Basically, he HATES being told what to do! lol. He's very independent. For the past week all I've been doing is offering him scritches. Ever since I stopped asking him to step up he's been so much less grumpy. I'm not even putting him in the cage to sleep anymore. And today, he hopped on my shoulder by himself and wanted scritches.

I think we all know that aside from being birds, tiels are little people.  And some are more easy-going than others. I'm lucky I can give Bandit the freedom he has, but I just think it's funny how stubborn he is.


----------



## BirdCrazyJill (Apr 23, 2013)

funny how those things work


----------



## Haimovfids (Sep 19, 2012)

He is so stubborn! :lol:


----------



## CaliTiels (Oct 18, 2012)

Grumpy boy. He's learning from Astrid


----------



## moonchild (Jul 29, 2012)

Blech, I feel terrible. I did something really stupid today. Bandit looked like he wanted to get down and hang out on the floor and explore, but couldn't figure out how. I offered my hand but he backed away, and like a total tool I tried to corner him and make him step up so I could show him I was just trying to help. Well, now he's mad at me. Runs away from my hand and won't let me give him scritches. I hope he gets over it soon so I can stop being annoyed at myself.


----------



## Vickitiel (Oct 10, 2012)

Hahaha. King Bandit.


----------



## eduardo (Jan 27, 2012)

Nah, he will get over it.


----------



## scootergirl762 (Aug 27, 2013)

Awww. Don't feel bad - we all do it, think we'll just help them out. They don't stay mad too long. I can't remember if you said you tried to teach him step up with a perch - was that a no no too? 

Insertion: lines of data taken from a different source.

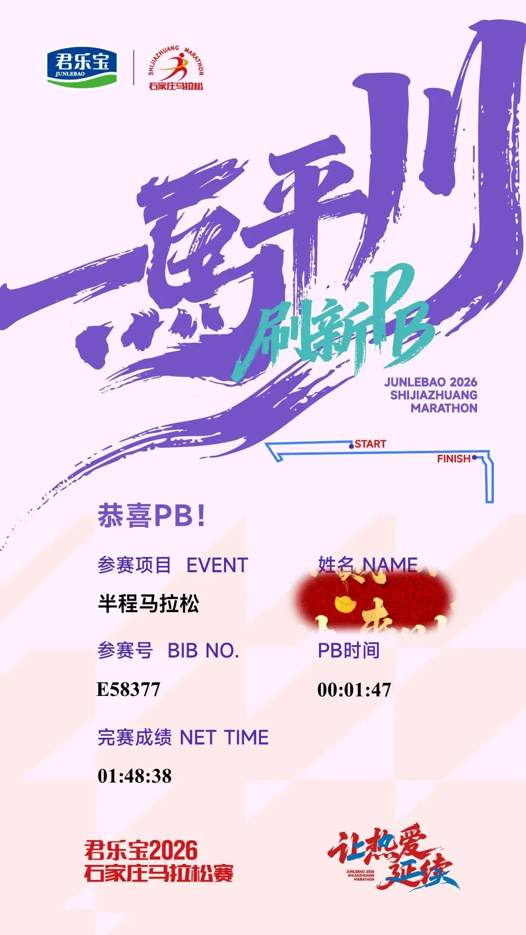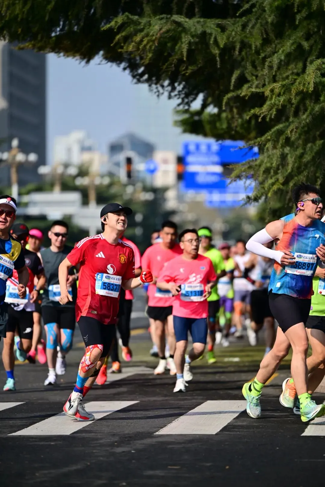 开跑的时候人比较多,我根据赛前的策略压着配速跑出去,不变道也不超车。虽然人多,但石家庄的赛道很宽,第二公里的时候我的配速就起来了,当然心率也起来了。算好前两公里的配速,比目标完赛时间多25秒,于是我在第三公里补了一支赛速饮,然后开始加速,心率就马上飙到175。第五公里的时候我已经把落后时间追到差2秒,没进补给站,补一支液体盐丸后继续冲。第五公里到第十公里是我感觉最舒服的一段。当时感觉体感好,腿有力,可以很好地控制跑姿,这一段追了很多时间。等到第12公里的时候我已经有富裕的69秒了,可是当时突然感觉力竭了,而且心率很顶很难受。于是我在12.5公里处进补给站,用水开始浇灌我的身体和腿,等心率下来一点后再继续跑,跑出补给站的时候我看见345的全马兔子群,于是就跟着跑,等状态好些了就超过他们继续追时间。 这一段我的富裕时间从69秒掉到了50秒。(第五到第十公里的从容)跑过第15公里后我又不行了,于是我又进了补给站。到16公里时我富裕的时间只剩下28秒。我感觉自己快不行了,想把身上最后一支赛速饮给喝了,可本来计划是在第18公里冲刺时候喝的,这回真的赛速饮带少了。出了补给站我又看到了345全马兔子群,于是我又一直跟着,没有喝那最后一支的赛速饮。当时感觉自己快不行了,总觉得开始掉速了,等跑到第17公里的时候发现竟然没掉速,还能保持配速在5:07,于是就开始超过兔子群,想着还有不到一公里就可以马上喝赛速饮了,心里作用还把速度带起来了,所以第18公里跑了一个4:55的配速。看完表后马上掏出那最后一支赛速饮,虽然喝完好像身体也没觉得好,但是心里作用大。第19公里保持配速5:07,当时感觉已经争取到60秒富裕时间,只要不出意外,掉速到5:30也可以PB。我一边想一边顶着,第20公里跑了4:59。还有一个人来拍了我肩膀,我也不认识,我当时听着音乐,也不知道他说啥,怀疑他可能是看我穿曼联球服,跟我打招呼,我回了一句:明年欧冠见,就继续跑了。跑过第20公里有个补给站,因为时间富裕,我就再次用水浇灌我的身体和脚,大概只用了几秒钟,然后就继续冲。第21公里的速度已经提不起来了,也没有了之前那种看见终点就可以冲的力量,等真正过了终点,我感觉这回有了!一年了…我终于PB了。第21公里我的配速5:15,完赛净成绩1:48:38,PB107秒。赛前目标是跑进150,也就是跑到1小时49分左右,没想到竟还能跑到148,这回真的释然了。下个PB,等明年再说了。但更更更重要的是有机会见到了天南地北、素未蒙面过,但一直有在互相支持的跑友们。他们给了我很多快乐和加持!期待下一次、在下一个城市,我们再相遇...
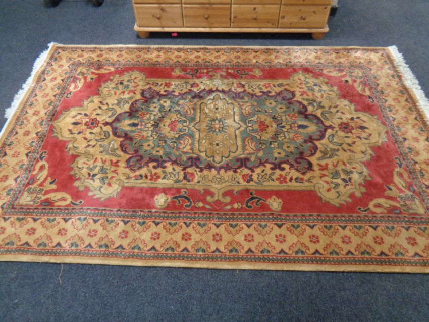 A Persian design fringed carpet on gold ground, 185 cm x 285 cm
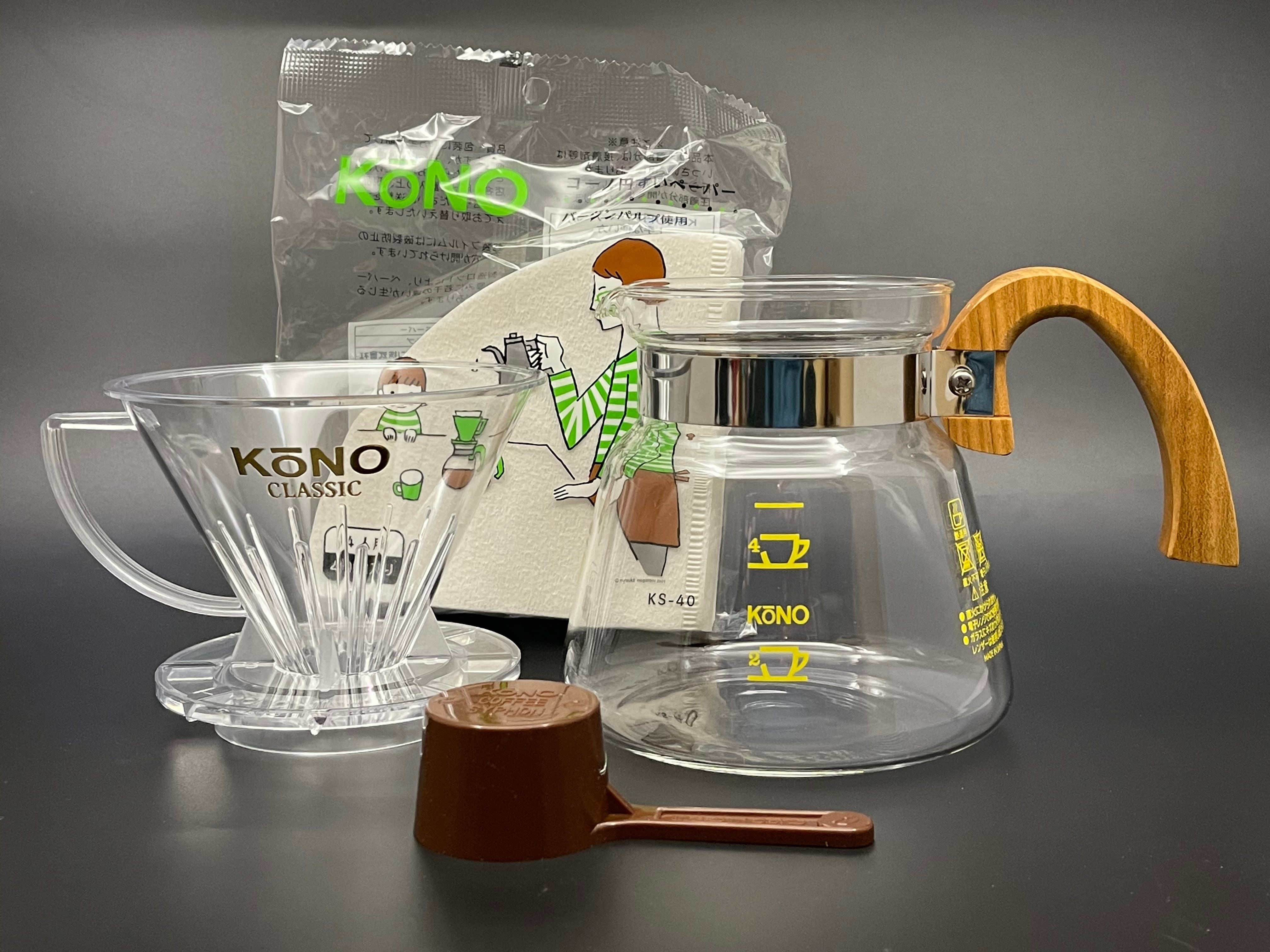 ペーパーの簡便さとコーヒー抽出に理想的な3枚ハギのネルの漉し袋のもつ長所を兼ね備えた「名門円錐フィルター」。5年の歳月を経て昭和48年に発売されて以来、瞬く間に喫茶店のプロのカウンターマンの間に広がり、現在ではコーヒー愛好家のあいだでも広く愛用されています。

They are such bossy little birds


----------



## moonchild (Jul 29, 2012)

He finally fully got over it, haha. Only took five days. Today he hopped on my shoulder again and wanted to hang out.

I haven't tried getting him to step up on a perch but I imagine it would have similar results. It's not the hands themselves he dislikes, it's doing things against his will. In the time since I've stopped making him sleep in the cage, he hasn't gone in it on his own once. Until last night, when he ventured inside for a minute. I think he has bad memories of being forced to stay in a small cage for long periods of time in his previous home. His owner was a lovely gal who really cared for him, but I think she was uneducated about proper cockatiel care for a long time prior to deciding to rehome him. She said she worked so much that he didn't get out of the cage much anymore (and it was really small -- I know because she gave it to me).


----------